Rainwater dissolves salt from the land on its way to the ocean. When the sun evaporates water from the ocean the salt stays. That evaporated water eventually becomes rain which brings more salt to the ocean. This cycle, continuously repeated keeps bringing salt to the ocean and leaving it there.


(actually, the evaporative cycle does remove some salt, but its much less than the amount of water evaporated. To use Grif's terms, the residence time is very high for the salts).
 
gangrel441:
Ahhh....but NaCl is not potassium chloride. That would be KCl. NaCl is sodium chloride, which I believe is indeed the main (but not only) salt in the sea. I can understand your explanation of where water might pick up potassium on the way to the sea, but that has little to do with the ocean's content of NaCl. :wink:

Sorry about the mix up i've been working on a Phosphate profiles in esturays recently guess i have P on the mind. silly mistake its corrected now. but remember salt is not just NaCl there are a huge array of metal salts including potassium salts. infact today the instruments used to measure salinity actully measure conductivity of the water. as it is the ions in the water that make it a good conductor not the water its self. more ions in the water leads to higher conductivity. Sodium and chloride make up most (55 and 30.6% respectively) potassium accounts for 1.2% of the total salts in the ocean.

it is infact a very complex subject and before now i have had to calculate such things as how deep the layer of salt would be on the sea floor if all the oceans evaporated. and the effects of increased weather of volcanic activity on the oceans salinity.

i can direct anyone who is really intrested in such subjects to relevent book and journals but it all gets a bit mathamatical!

griff
 
Nut Bubblefish:
My 9 years old asked me the question this week end, and I could not recall of a satisfactory answer.

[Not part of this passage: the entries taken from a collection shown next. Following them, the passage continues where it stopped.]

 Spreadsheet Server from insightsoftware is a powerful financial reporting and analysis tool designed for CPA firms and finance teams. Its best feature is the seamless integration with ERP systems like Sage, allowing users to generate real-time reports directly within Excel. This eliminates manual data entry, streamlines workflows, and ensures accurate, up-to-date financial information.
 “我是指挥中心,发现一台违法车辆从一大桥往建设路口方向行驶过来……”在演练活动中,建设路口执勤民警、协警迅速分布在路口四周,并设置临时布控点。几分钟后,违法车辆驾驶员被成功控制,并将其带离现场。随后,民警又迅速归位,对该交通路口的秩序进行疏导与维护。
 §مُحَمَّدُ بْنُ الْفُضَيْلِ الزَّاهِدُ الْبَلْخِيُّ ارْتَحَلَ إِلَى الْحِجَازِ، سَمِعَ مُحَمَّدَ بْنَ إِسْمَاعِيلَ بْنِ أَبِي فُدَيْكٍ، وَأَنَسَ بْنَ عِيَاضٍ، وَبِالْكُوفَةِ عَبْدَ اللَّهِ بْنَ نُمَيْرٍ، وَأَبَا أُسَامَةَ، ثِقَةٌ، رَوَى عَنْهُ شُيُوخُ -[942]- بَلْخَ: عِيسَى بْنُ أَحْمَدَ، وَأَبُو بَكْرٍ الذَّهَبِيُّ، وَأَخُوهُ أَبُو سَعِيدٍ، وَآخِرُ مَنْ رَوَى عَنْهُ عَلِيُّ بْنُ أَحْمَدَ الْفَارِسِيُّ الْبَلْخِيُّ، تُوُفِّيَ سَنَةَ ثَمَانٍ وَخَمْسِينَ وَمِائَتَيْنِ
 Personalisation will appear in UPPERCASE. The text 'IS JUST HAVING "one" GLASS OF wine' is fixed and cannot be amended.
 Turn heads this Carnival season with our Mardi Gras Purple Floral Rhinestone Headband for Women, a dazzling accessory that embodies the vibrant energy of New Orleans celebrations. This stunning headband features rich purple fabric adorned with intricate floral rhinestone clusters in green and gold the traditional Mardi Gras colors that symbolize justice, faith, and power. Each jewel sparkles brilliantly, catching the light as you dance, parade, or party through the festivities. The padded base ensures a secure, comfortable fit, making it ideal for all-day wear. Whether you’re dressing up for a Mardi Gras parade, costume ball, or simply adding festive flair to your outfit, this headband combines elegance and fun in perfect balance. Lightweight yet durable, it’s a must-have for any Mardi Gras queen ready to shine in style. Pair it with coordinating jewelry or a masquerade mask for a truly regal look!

Who has one?

There are a lot of male fish in the water without girlfriends...
 
Griff_1984:
heya guys,
just saw this one and thought i'd give the simple explenation. mineral ions such as Sodium and chloride come from rocks, from the land. they get washed into the sea. ofcourse this happens with all the other ions as well so why does NaCl build up to such high concentrations? this is to do with residence time. the residence time is the amount of time it talke for one molecule of the substace to enter and be removed from the system ie the oceans. the residence time for sodium and chloriode ions is very high (thousands of years). this is because there is little removing forces. therefor because it is always being added and rarely being removed it builts up causing the sea to be salty.

So coudl the ocean one day be too salty for the fish?
 
jeditdog..

i have to say thats unlikely if you think about the time scales we are envolved with. it was about 250 Million years ago ( just after the premian period) when the earth started to settle out from cataclasmic techtonic activity. a lot of the salt in the oceans would have been added at this time because of the great amount of vlocanic activity and weathering. 250 million years on and undoubtably they ocenas have changed a lot but on a time scale allowing evloution to keep pase with the chages.
on the other had there are hypersaline seas around, the dead sea for example. this happens because its cut off from the rest of the oceans and has had alot of evaporation. but there is life in the dead sea, infact there is life in all the worlds seas.
fish are also very good and regulatiing salt in their bodys so i recon most will adapt if they survive long enough to see any real change in salinity.

anyway its the things we are doing to the oceans that will kill the fish. there is a theory going around now saying it wont be long unill the atlantic is anoxic, good bye fishies!